Power TakeOff was the perfect fit because it fits our mandate. The business is growing rapidly. They’re delivering value to their utility customers and to small and medium businesses to help them save energy and money, reduce their carbon impact, and make the grid more resilient by reducing consumption.
There are only a few options around the continual electrification of our economy. You can build more transmission and distribution, and we know the challenges and capital costs around that. But the cheapest electron is one that’s never consumed and that’s what PTO is about.
We’re only at about roughly sixty five percent AMI penetration in the U.S. and that will be effectively full penetration by 2030. We’ve got a lot of runway to grow in the U.S., but Kevin and Peter have never been outside of the U.S. with this offering.
There’s an international opportunity here. With the energy challenges Europe has been dealing with, this is ideal for that marketplace.

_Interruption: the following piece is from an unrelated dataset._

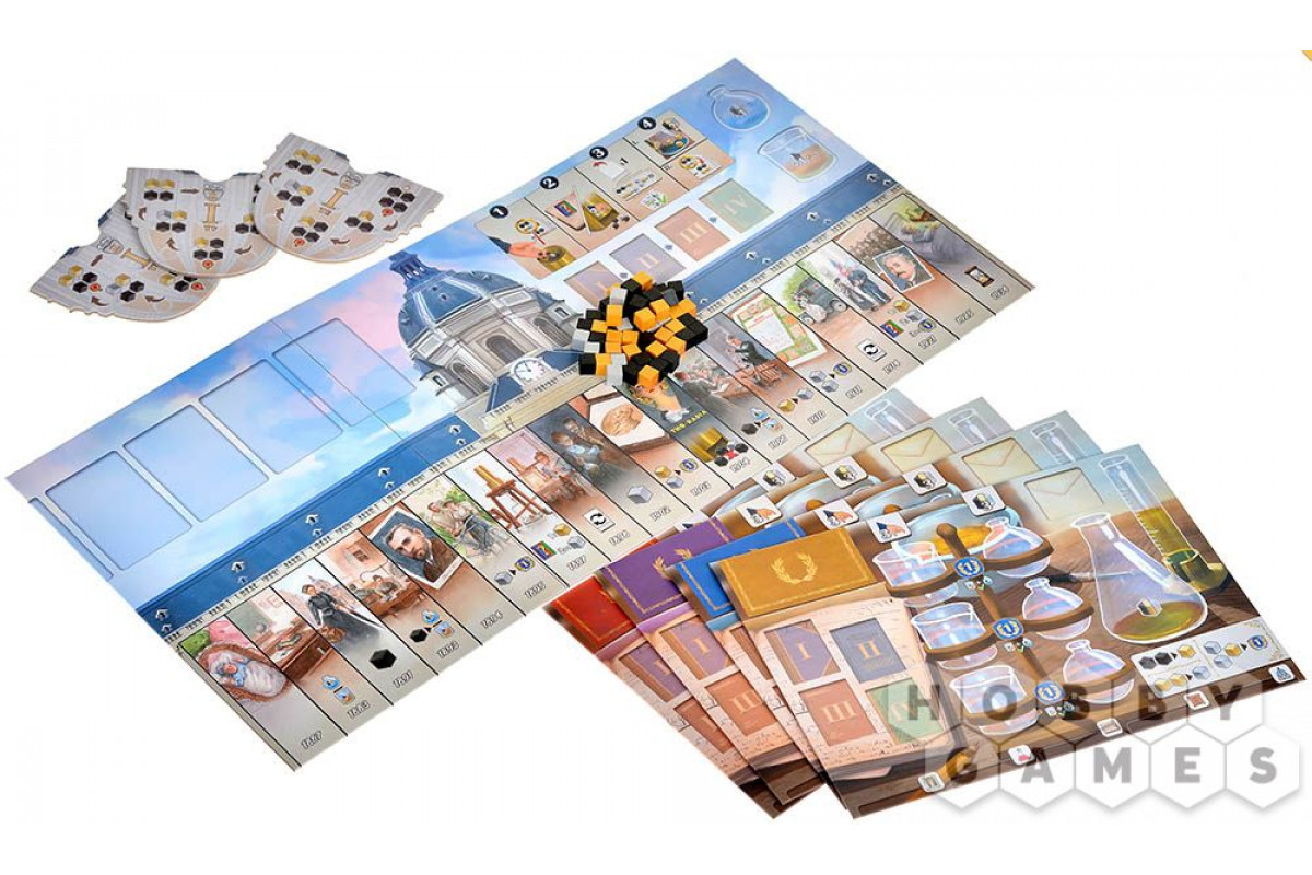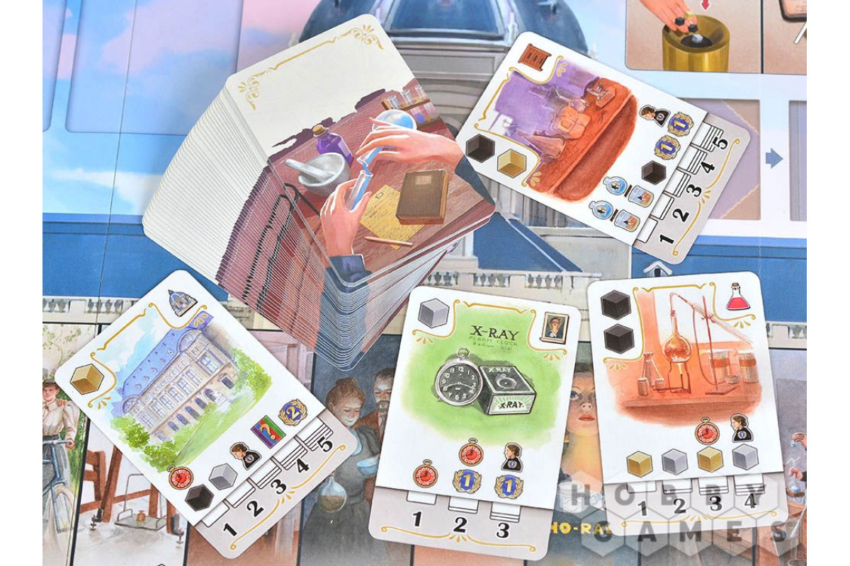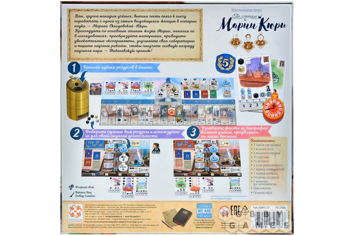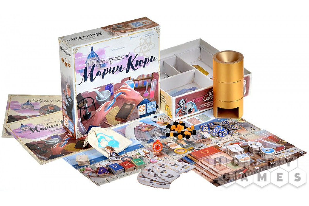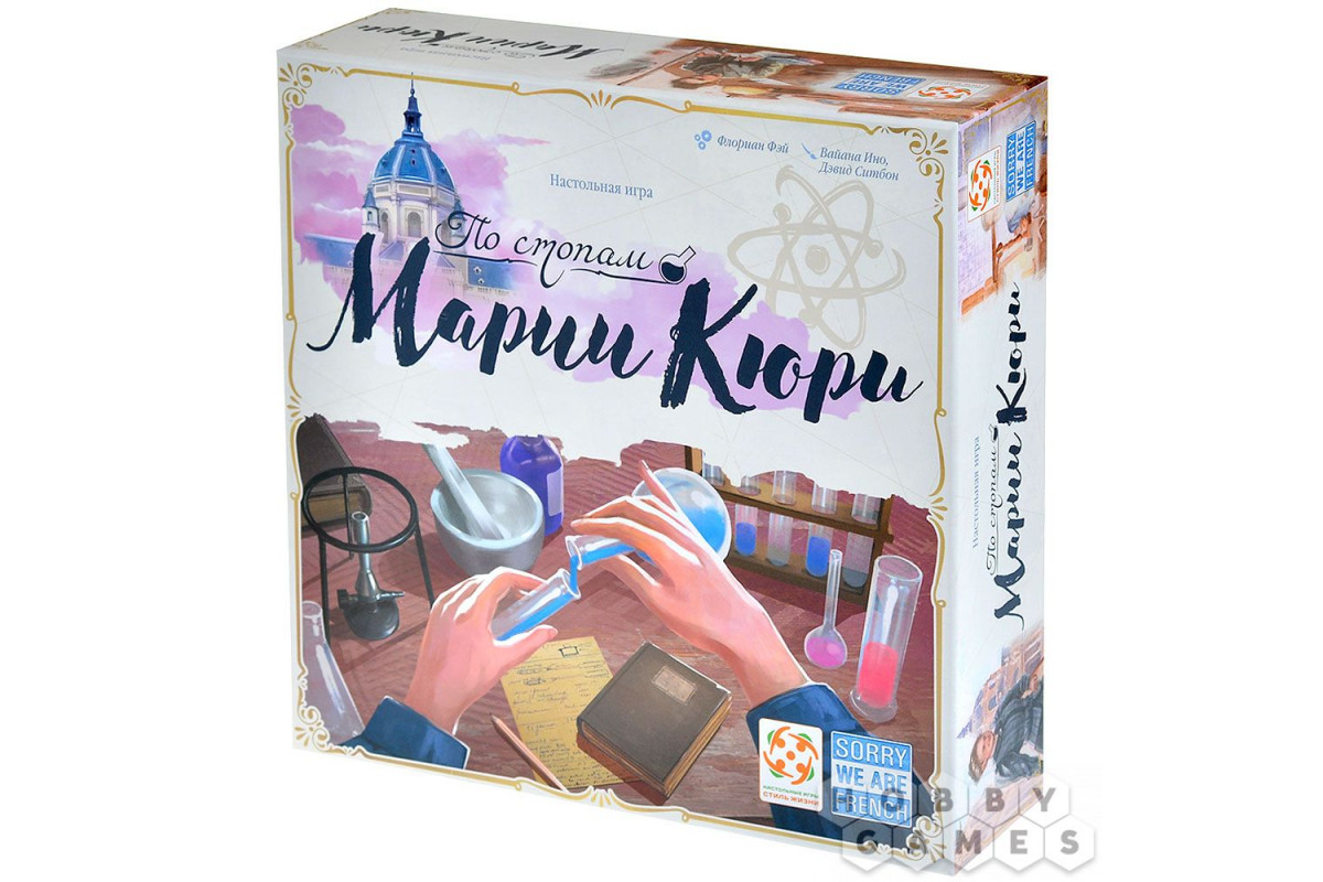 "По стопам Марии Кюри" – это увлекательная стратегическая настольная игра с историческим уклоном, идейное продолжение "", только теперь вам предстоит поработать бок о бок с легендарной исследовательницей Марией Кюри. Игра сочетает в себе атмосферу начала XX века, яркое оформление и познавательные факты из жизни учёной. Она понравится любителям продуманных, но доступных стратегий, поклонникам исторических сюжетов и тем, кто ценит настолки, объединяющие семью и друзей за одним столом. Каждая партия станет для вас и интеллектуальным вызовом, и возможностью прикоснуться к эпохе научных прорывов – идеальный микс для глубоких вечеров, проведённых в приятной компании!

PUF: What is this company going to look like in five years?
Kevin Martin: Five years out, we will have more than doubled the number of programs we have out there. The Virtual Commissioning will be inside and outside the U.S.
This is a global problem. These are translatable approaches, as are the core competencies that we built, and the trust and relationships with utilities. Utilities are reaching out to us requesting support for data analytics work, greenhouse gas measurement, verification, reduction goals, and engaging their customers more effectively to drive other programming.
We are going deeper on longer engagements. That’s what our new program we launched this year, Virtual Strategic Energy Management™, Virtual SEMs, is about. Those are longer engagements where we are coaching, teaching, and improving.